[Excerpts from a dataset]
※
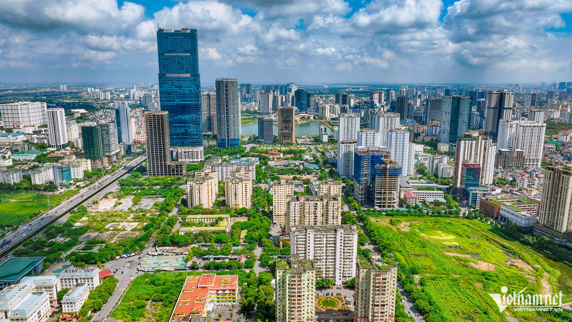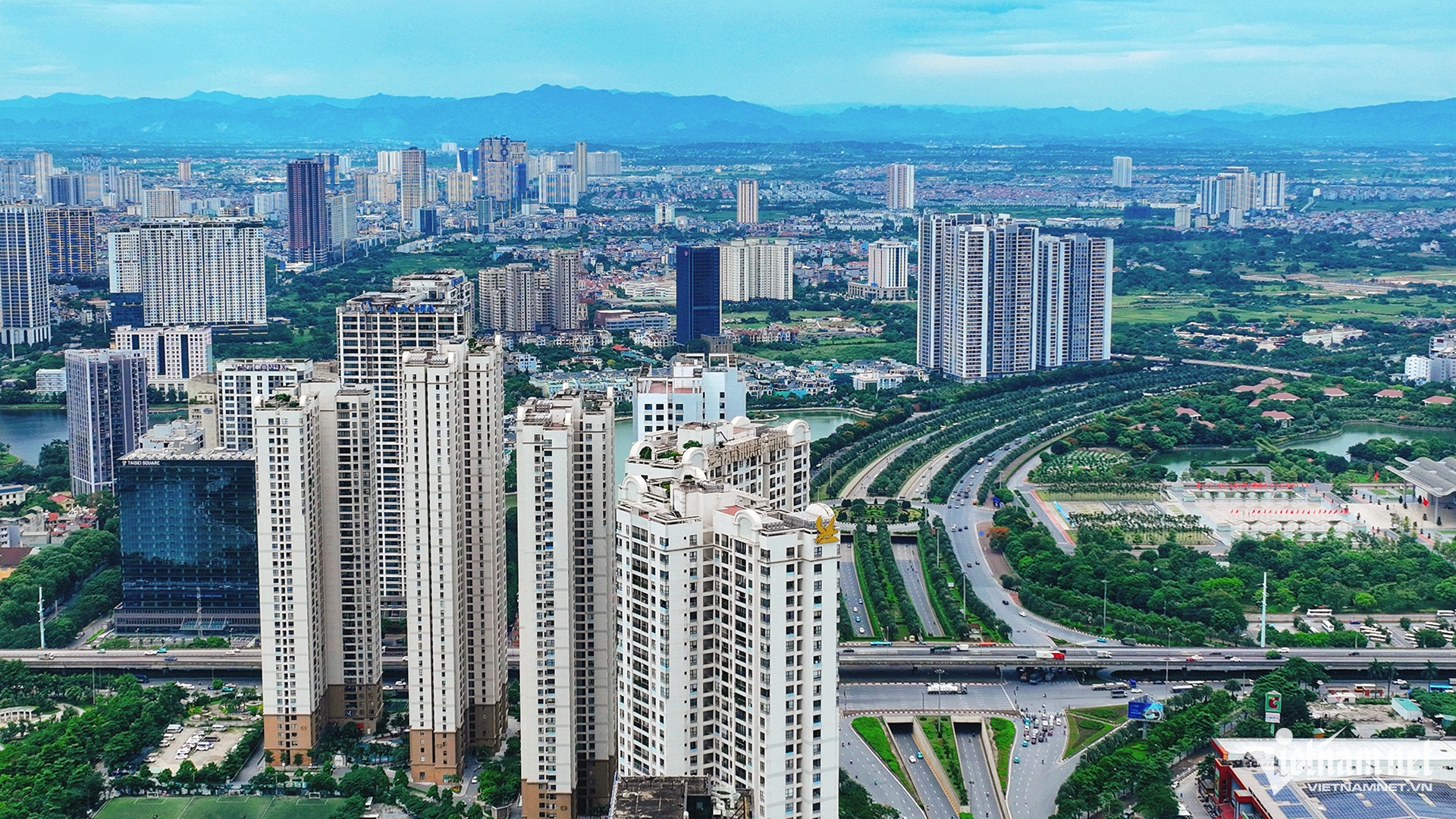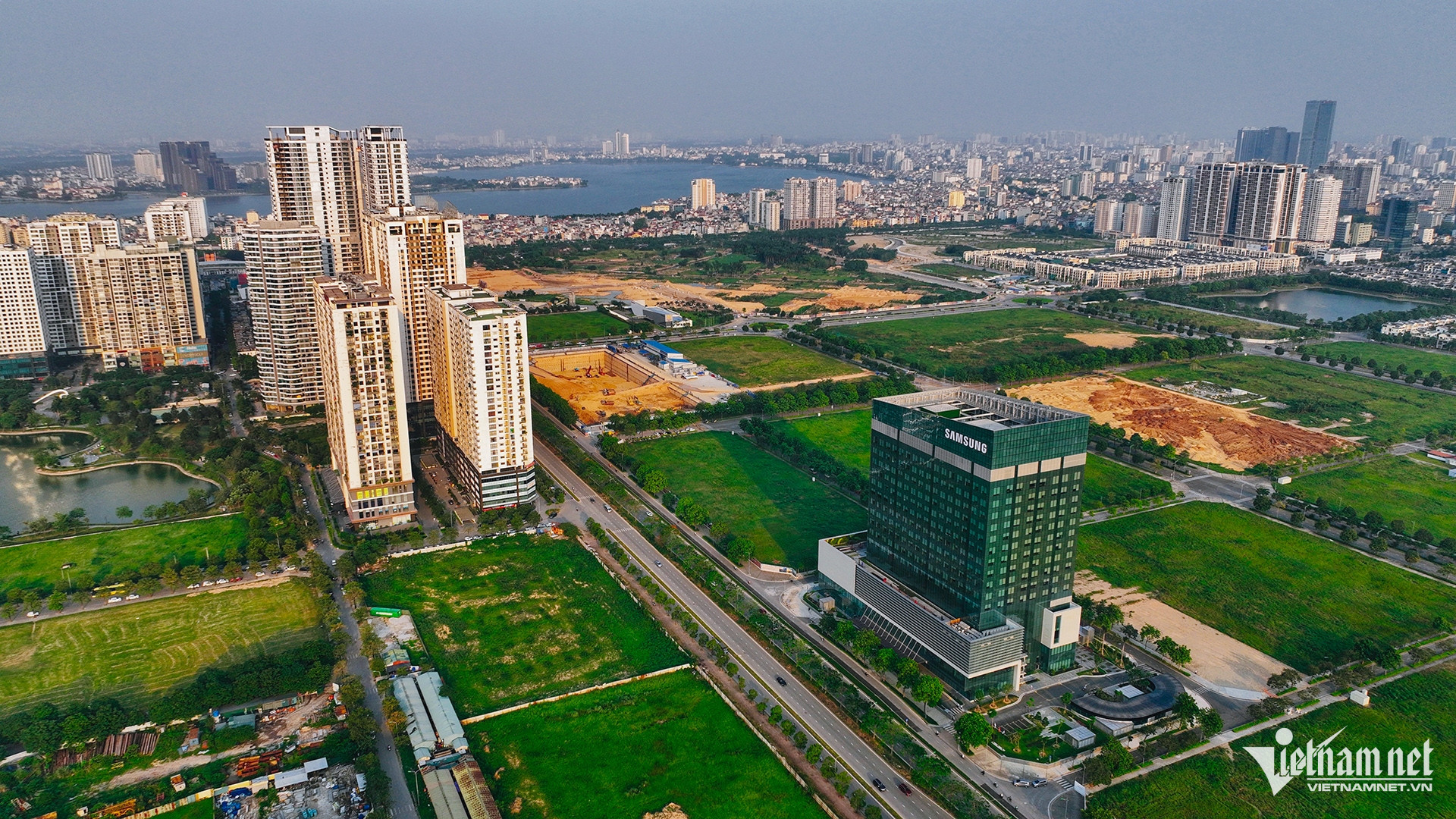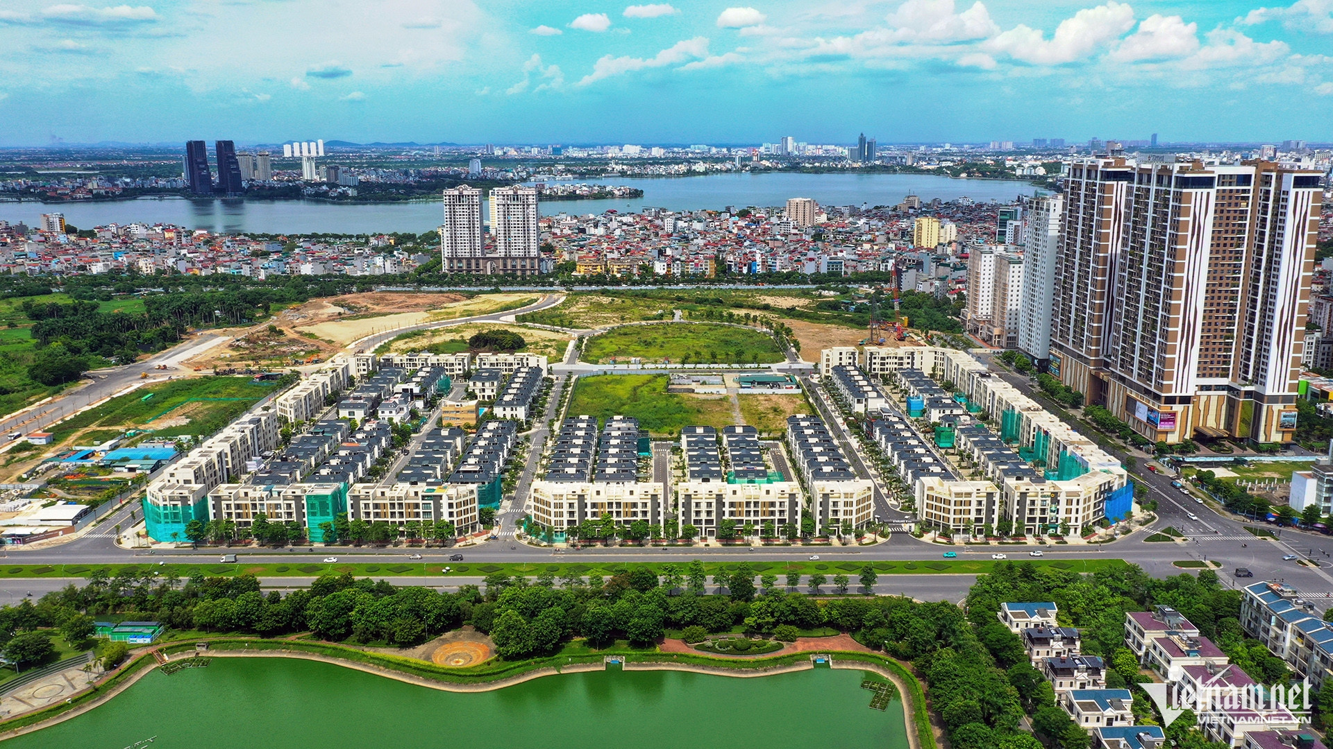 Quận Tây Hồ: Kế bên dự án Ngoại Giao Đoàn (bên trái) là Khu đô thị mới Tây Hồ Tây (bên phải, thuộc 2 quận Tây Hồ và Bắc Từ Liêm) rộng gần 190ha. Tiến độ thực hiện khu đô thị Tây Hồ Tây được chia thành 2 giai đoạn. Giai đoạn một được chủ đầu tư triển khai từ năm 2010 đến năm 2019, tổng diện tích thực hiện gần 1,15km2.
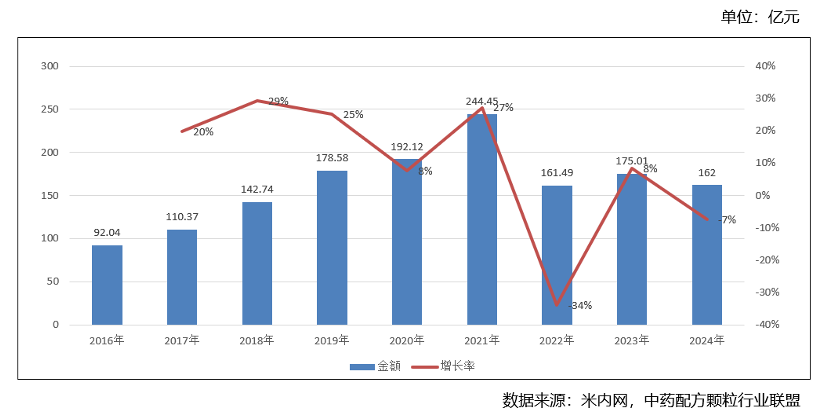 自2021年中药配方颗粒市场达到244.45亿元高峰后,近年其市场规模逐步减小。此前有业内声音认为,零加成后,中药配方颗粒市场或将进一步萎缩。
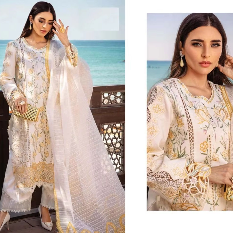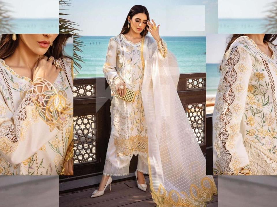 Costume de pantalon de coton de pelouse de broderie lourde traditionnelle pakistanaise indienne pour des femmes robe à la mode de festival de fantaisie pour l'usage de partie
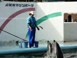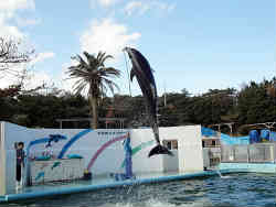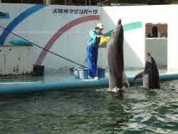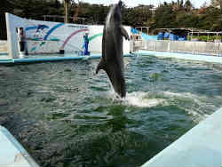 さんざん時間をもてあまして最後にイルカショーの時間です。最初トレーニングを見ている時係員の方は私を見て(私一人のみ)会釈をしてくれて態度は好感を持てます。さきほどのアザラシの所の女性も挨拶をしてくれます。ショーは一人が司会をそして他の飼育員一人の合計2人で進められていきます。水槽と会場はかなり狭い方で特に囲ってあるアクリル板が太陽光でくすんでいる(あせている)のが問題です。始まる前には若い女性飼育員がアクリル板に水を掛け少しでも見えるようにしていますが、ほとんどの年老いた観客は立ってみてます。私も角の一番見えやすいところに陣取って写真撮影です。当然海水がかかりますので必死でしゃがみます。 | ![]() |
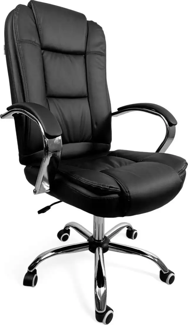 Офисное кресло Calviano Bravo в черном цвете удобно для работы и отдыха. Оно выполнено из искусственной кожи, что делает его прочным и легко чистимым. Кресло оснащено подголовником и подлокотниками для удобства при длительной работе. Металлическая крестовина и ролики обеспечивают устойчивость и легкий перемещения по офису. Газовая пружина и механизм Tilt позволяют регулировать высоту сиденья и наклон спинки. Оно имеет компактные размеры и вес около 15 кг. Это простое и удобное кресло подойдет для любого рабочего пространства.
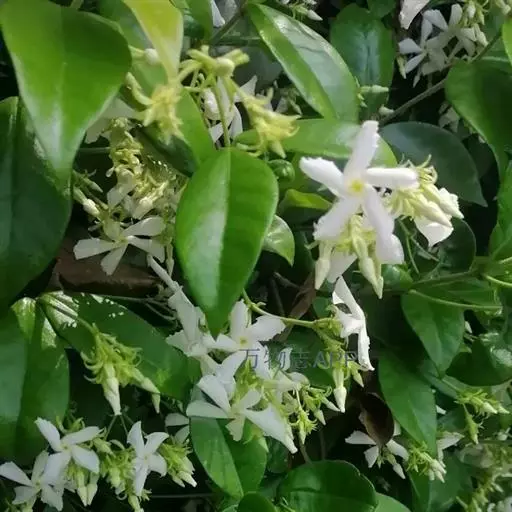 万字茉莉 络石的繁殖,首选方法是压条,特别是在梅雨季节其嫩茎极易长气根,利用这一特性,将其嫩茎采用连续压条法,秋季从中间剪断,可获得大量的幼苗。或是于梅雨季节,剪取长有气根的嫩茎,插入素土中,置半阴处,成活率很高,但老茎扦插成活率低。盆栽络石花后一般不结籽,地栽络石花后可结圆柱状的果,1 0月成熟收取后,翌春播种,但播种苗要三四年后才开花,而压条、扦插苗翌年便可开花,故一般不用播种法。
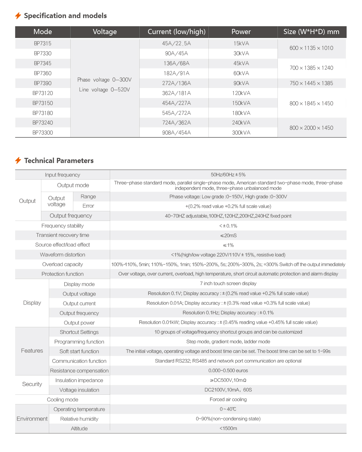 The BP7 series AC variable- frequency power supply is a highperformance power supply that can simulate the voltage/frequency of electrical grids around the world. It is suitable for R&D testing and production testing in industries such as home appliances, motors, power tools, the military industry, and aerospace.
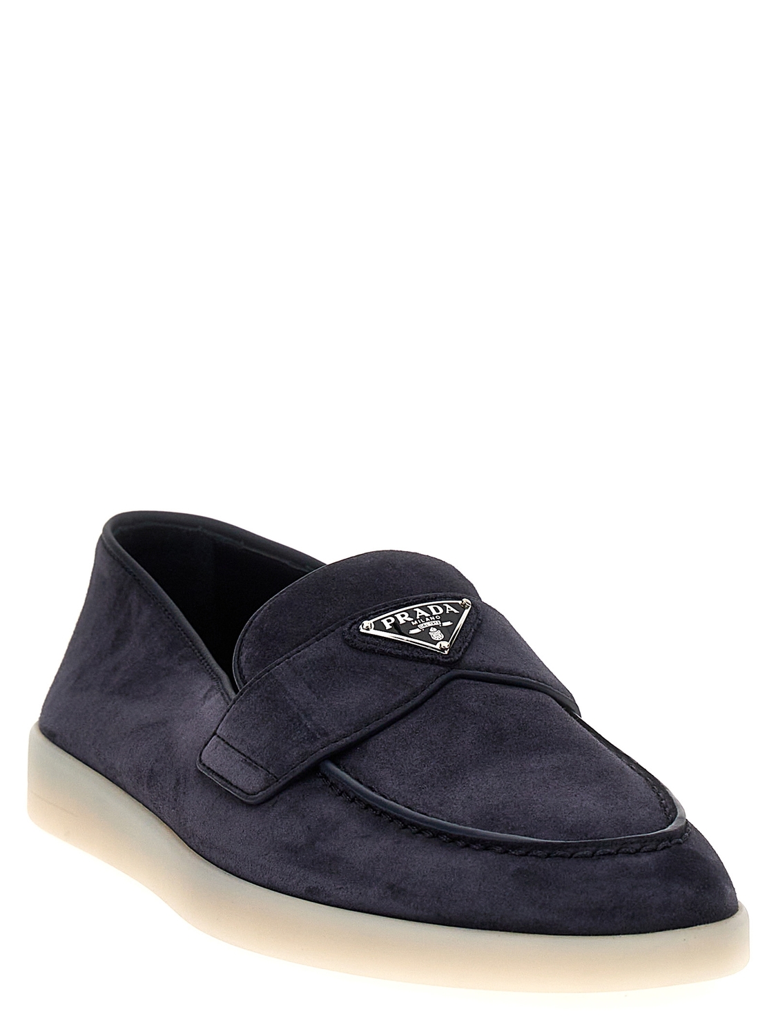 Замшевые лоферы с треугольным эмалированным металлическим логотипом спереди, контрастной резиновой подошвой.
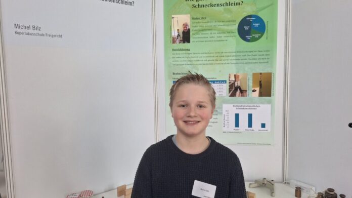 „Im Kindergarten habe ich einmal eine Schnecke angefasst und die hat furchtbar geklebt. Das ging selbst beim Händewaschen nicht ab.“, berichtet Michel Bilz aus der 6. Klasse, wenn man ihn fragt, wie er auf die Idee für sein Projekt gekommen ist. Beim Regionalwettbewerb hat er mit seinem Projekt „Kleber aus Schneckenschleim“ in der Sparte Technik den 1. Preis und die Qualifikation für den Landeswettbewerb erreicht – und das gleich bei seiner ersten Teilnahme. Übrigens haben bei der Entwicklung des Klebers keine Schnecken ihr Leben gelassen. Der echte Schneckenschleim wurde aus Kollagen, Puderzucker, Wasser und Glycerin nachgebaut. Mit Salicylsäure wurde dann noch die Haltbarkeit deutlich erhöht. Die enorme Klebkraft des Schneckenschleimklebers konnte er an seinem Stand dann eindrucksvoll vorführen. Egal ob Papier, Holz oder Plastik – bis zu 7 kg Gewicht hat sein Kleber ausgehalten.
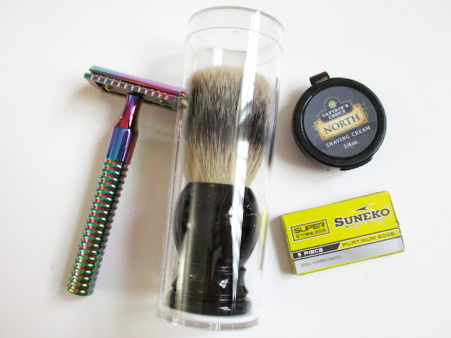 Even though their website is geared towards men, I wanted to try them out because ladies, we can wet shave, too! I received a basic kit to try out and used it to shave my legs. Here’s what I used:
※
## Task goal
Without the pictures, give all of the entries above again exactly.

## Task answer
 Quận Tây Hồ: Kế bên dự án Ngoại Giao Đoàn (bên trái) là Khu đô thị mới Tây Hồ Tây (bên phải, thuộc 2 quận Tây Hồ và Bắc Từ Liêm) rộng gần 190ha. Tiến độ thực hiện khu đô thị Tây Hồ Tây được chia thành 2 giai đoạn. Giai đoạn một được chủ đầu tư triển khai từ năm 2010 đến năm 2019, tổng diện tích thực hiện gần 1,15km2.
 自2021年中药配方颗粒市场达到244.45亿元高峰后,近年其市场规模逐步减小。此前有业内声音认为,零加成后,中药配方颗粒市场或将进一步萎缩。
 Costume de pantalon de coton de pelouse de broderie lourde traditionnelle pakistanaise indienne pour des femmes robe à la mode de festival de fantaisie pour l'usage de partie
 さんざん時間をもてあまして最後にイルカショーの時間です。最初トレーニングを見ている時係員の方は私を見て(私一人のみ)会釈をしてくれて態度は好感を持てます。さきほどのアザラシの所の女性も挨拶をしてくれます。ショーは一人が司会をそして他の飼育員一人の合計2人で進められていきます。水槽と会場はかなり狭い方で特に囲ってあるアクリル板が太陽光でくすんでいる(あせている)のが問題です。始まる前には若い女性飼育員がアクリル板に水を掛け少しでも見えるようにしていますが、ほとんどの年老いた観客は立ってみてます。私も角の一番見えやすいところに陣取って写真撮影です。当然海水がかかりますので必死でしゃがみます。 | ![]() |
 Офисное кресло Calviano Bravo в черном цвете удобно для работы и отдыха. Оно выполнено из искусственной кожи, что делает его прочным и легко чистимым. Кресло оснащено подголовником и подлокотниками для удобства при длительной работе. Металлическая крестовина и ролики обеспечивают устойчивость и легкий перемещения по офису. Газовая пружина и механизм Tilt позволяют регулировать высоту сиденья и наклон спинки. Оно имеет компактные размеры и вес около 15 кг. Это простое и удобное кресло подойдет для любого рабочего пространства.
 万字茉莉 络石的繁殖,首选方法是压条,特别是在梅雨季节其嫩茎极易长气根,利用这一特性,将其嫩茎采用连续压条法,秋季从中间剪断,可获得大量的幼苗。或是于梅雨季节,剪取长有气根的嫩茎,插入素土中,置半阴处,成活率很高,但老茎扦插成活率低。盆栽络石花后一般不结籽,地栽络石花后可结圆柱状的果,1 0月成熟收取后,翌春播种,但播种苗要三四年后才开花,而压条、扦插苗翌年便可开花,故一般不用播种法。
 The BP7 series AC variable- frequency power supply is a highperformance power supply that can simulate the voltage/frequency of electrical grids around the world. It is suitable for R&D testing and production testing in industries such as home appliances, motors, power tools, the military industry, and aerospace.
 Замшевые лоферы с треугольным эмалированным металлическим логотипом спереди, контрастной резиновой подошвой.
 „Im Kindergarten habe ich einmal eine Schnecke angefasst und die hat furchtbar geklebt. Das ging selbst beim Händewaschen nicht ab.“, berichtet Michel Bilz aus der 6. Klasse, wenn man ihn fragt, wie er auf die Idee für sein Projekt gekommen ist. Beim Regionalwettbewerb hat er mit seinem Projekt „Kleber aus Schneckenschleim“ in der Sparte Technik den 1. Preis und die Qualifikation für den Landeswettbewerb erreicht – und das gleich bei seiner ersten Teilnahme. Übrigens haben bei der Entwicklung des Klebers keine Schnecken ihr Leben gelassen. Der echte Schneckenschleim wurde aus Kollagen, Puderzucker, Wasser und Glycerin nachgebaut. Mit Salicylsäure wurde dann noch die Haltbarkeit deutlich erhöht. Die enorme Klebkraft des Schneckenschleimklebers konnte er an seinem Stand dann eindrucksvoll vorführen. Egal ob Papier, Holz oder Plastik – bis zu 7 kg Gewicht hat sein Kleber ausgehalten.
 Even though their website is geared towards men, I wanted to try them out because ladies, we can wet shave, too! I received a basic kit to try out and used it to shave my legs. Here’s what I used:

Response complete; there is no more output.